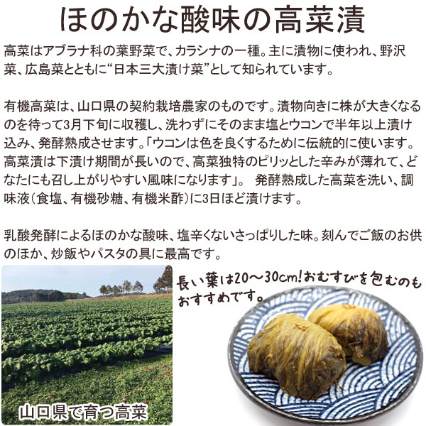 有機たかな漬は、2年以上化学肥料や農薬を使用していない畑で栽培された山口県産の高菜を原料としています。塩やうこんで半年以上漬込み、発酵熟成させ出来上がります。
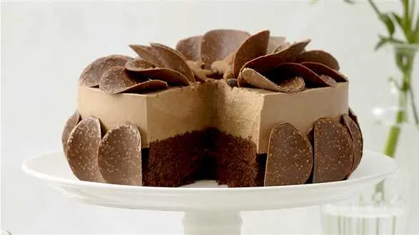 Wyjmujemy ciasto z lodówki i wylewamy mus na powierzchnię biszkoptu. Chłodzimy ciasto w lodówce około 1,5-2 godziny do całkowitego stężenia. Gotowy tort ostrożnie wyjmujemy z foremki i dekorujemy czekoladowymi płatkami.
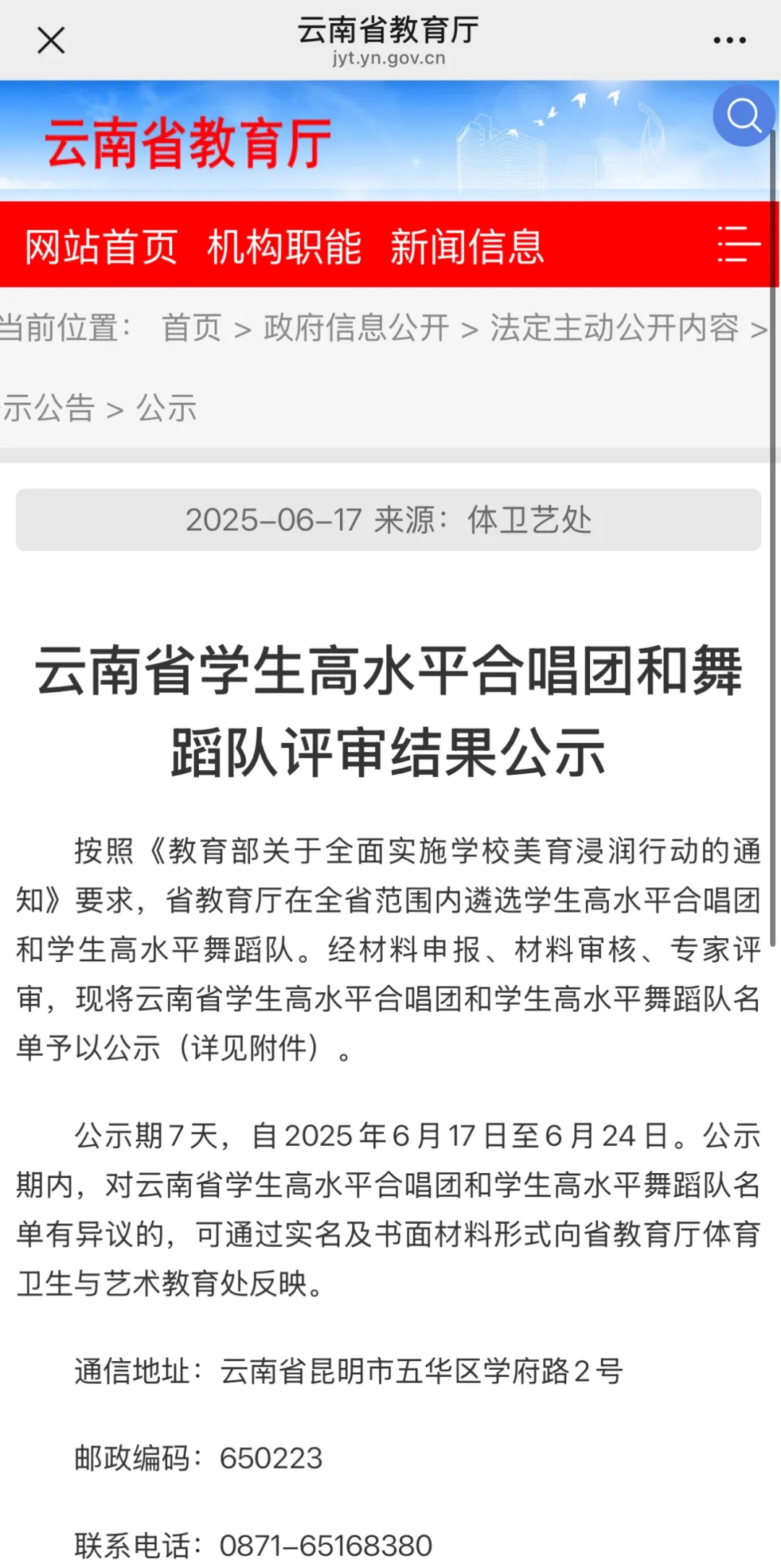 近日,为贯彻落实《教育部关于全面实施学校美育浸润行动的通知》要求,云南省教育厅在全省范围内组织开展了学生高水平合唱团和舞蹈队的遴选工作。经材料申报、材料审核、专家评审,我校艺术团舞蹈部成功入选,获评“云南省学生高水平舞蹈队”称号。

·····

Go through the listing above and retype each line exactly, apart from the pictures.

> Answer to the exercise
 有機たかな漬は、2年以上化学肥料や農薬を使用していない畑で栽培された山口県産の高菜を原料としています。塩やうこんで半年以上漬込み、発酵熟成させ出来上がります。
 Wyjmujemy ciasto z lodówki i wylewamy mus na powierzchnię biszkoptu. Chłodzimy ciasto w lodówce około 1,5-2 godziny do całkowitego stężenia. Gotowy tort ostrożnie wyjmujemy z foremki i dekorujemy czekoladowymi płatkami.
 近日,为贯彻落实《教育部关于全面实施学校美育浸润行动的通知》要求,云南省教育厅在全省范围内组织开展了学生高水平合唱团和舞蹈队的遴选工作。经材料申报、材料审核、专家评审,我校艺术团舞蹈部成功入选,获评“云南省学生高水平舞蹈队”称号。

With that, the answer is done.